Оправившись от изумления, Луиза завела с подругой серьезный и довольно жесткий разговор, пытаясь убедить, что та уж очень перегибает палку. Многие одно то, что Энн мирится с присутствием в доме подобных людей, сочли бы проявлением большой терпимости. А если еще и вкладывать в заботу о них всю душу, то можно и умом тронуться.
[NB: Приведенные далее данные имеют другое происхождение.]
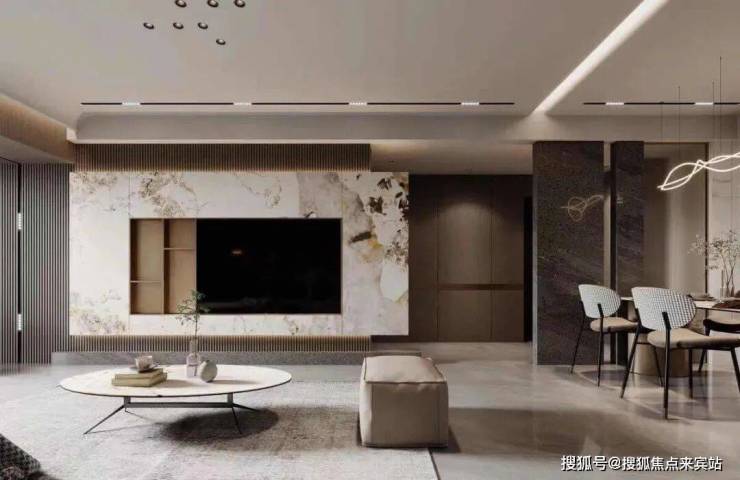 电视背景墙采用西班牙进口的宝格丽纹奢贵岩板设计,墙面则采用汤臣一品同款的木饰面,使空间焕发出永恒的魅力。

Все было напрасно. Энн слушала, но очень скоро стало ясно, что разговор ей неприятен и она хочет поскорее его закончить. Луиза сдалась, но кое в чем, кажется, все таки преуспела. Вскоре после того разговора Лайонел привел молодого человека. Как только Энн увидела парня, у нее мурашки побежали по спине, ее до костей пробрал леденящий холод. Хотя незнакомец смиренно стоял у порога, говорил тихо и вежливо, Энн почувствовала невероятную враждебность, исходящую от него. Молодой человек взглянул на нее только раз, но этот взгляд сверкнул, словно лезвие ножа, который ищет, куда бы ударить.
Она так испугалась, что пошла к мужу и заявила: этот человек к ним в дом не войдет. Лайонел сначала был раздосадован, тем более что жена не смогла дать никакого разумного объяснения своей неприязни, но, встревоженный горячностью, с которой она говорила, в конце концов сдался.
Луиза потом похвалила подругу за твердость, но Энн сказала, что гордиться тут нечем. Что она просто поддалась наитию, бог знает что на нее нашло. Тогда Луиза подумала, что во всем этом многовато пафоса. Теперь то она все поняла. Теперь, когда было уже поздно.
Нового жильца поселили в квартирке над гаражом. Между ней и домом была телефонная связь. Он вызвался обихаживать и водить древний «хамбер хоук», унаследованный Энн от отца. Расходы на содержание дряхлого авто сильно подтачивали семейный бюджет. Лайонел не умел водить и с радостью ухватился за предложение постояльца, усмотрев в нем первый шаг по пути исправления.
Теперь, когда Луиза подошла к дому, автомобиль стоял на подъездной дорожке. Слава богу, шофера поблизости не было. Проходя мимо высоких окон столовой, она увидела Лайонела Лоуренса, который говорил по телефону. Он был явно взволнован, седые, вернее, сивые волосы стояли дыбом, как у Неряхи Петера из назидательной детской книжки. Он яростно размахивал свободной от телефонной трубки рукой.
Луиза уже собиралась подняться на крыльцо, когда увидела Энн. Совершенно неподвижная, словно впавшая в ступор, та сидела в шезлонге у большого кедра посередине лужайки. Луиза подошла к ней.
– Привет. Я принесла тебе сеянцы фиалок. Белых. – Луиза поставила подмокший пакет на траву и села. – Энн?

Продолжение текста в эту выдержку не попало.